TORONTO — The alarm system roused the Toronto family at 2:30 a.m. Downstairs, the rear French doors had been pried open but the burglar did not seem to have taken anything.
Then they noticed the car keys were missing. Their 2006 Acura MDX had been stolen while they slept. The alarm company came and the police came, but the car was long gone.
Five months later, a freighter arrived off the Gold Coast of West Africa and unloaded its cargo of metal shipping containers at Tema, the busiest port in Ghana and the departure point for the country’s main export, cocoa.
When local customs inspectors peeked inside the shipping containers, they found not clothes or household items but luxury cars with Ontario and Quebec licence plates.

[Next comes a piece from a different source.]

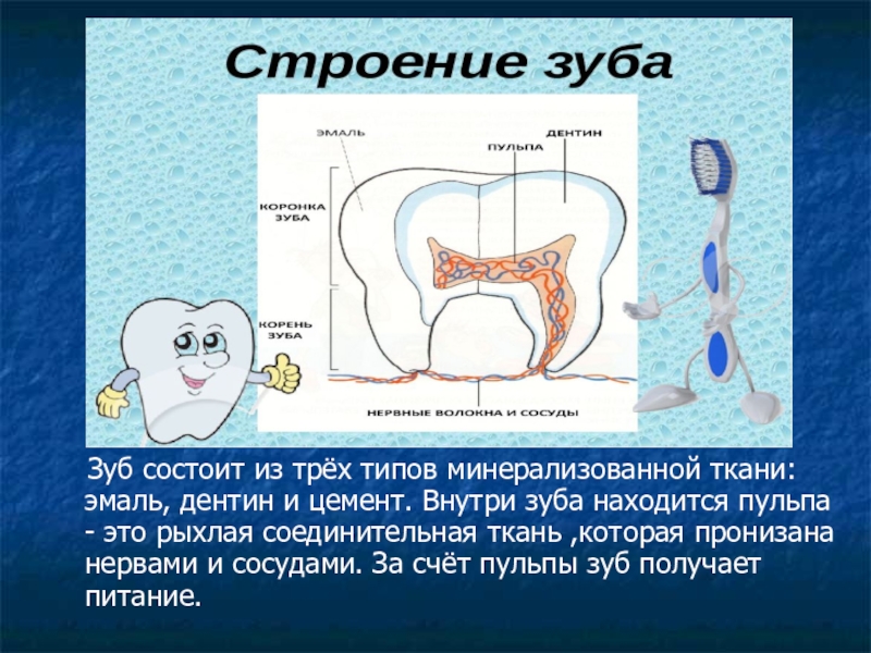 Слайд 9 Зуб состоит из трёх типов минерализованной ткани: эмаль, дентин

One of them was a 2006 Acura MDX.
The Interpol officer in Ghana called his counterpart in Ottawa. A check of the vehicle identification number confirmed it was the same Acura pilfered from the driveway in Toronto.

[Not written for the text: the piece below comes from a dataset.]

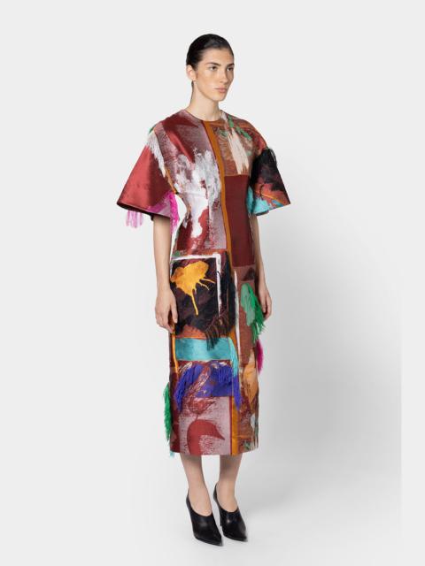 The FALAH dress features voluminous sleeves that add a bold, architectural flair to its sleek silhouette. This fitted mid length dress is crafted in abstract printed cotton. DETAILS & CARE Main Colour: Chalk Pictorial print Product Fabric: Printed cotton Product Composition: 100% Cotton, Lining: 100% Cotton Product Care: Specialist Dry Clean SIZING & FIT Model Wears: Size 8 Sizing System: UK Sizing

Hundreds of cars stolen in Canada are now turning up in Ghana, according to Canadian auto insurance officials and investigators.
The situation is getting so bad that the Canadian insurance industry recently sent a former RCMP officer to the country to train local customs authorities and police.
“It does seem to be the current hot route for vehicles,” said Rick Dubin of the Insurance Bureau of Canada. “That whole area on the western side of Africa is a real destination point for stolen vehicles.”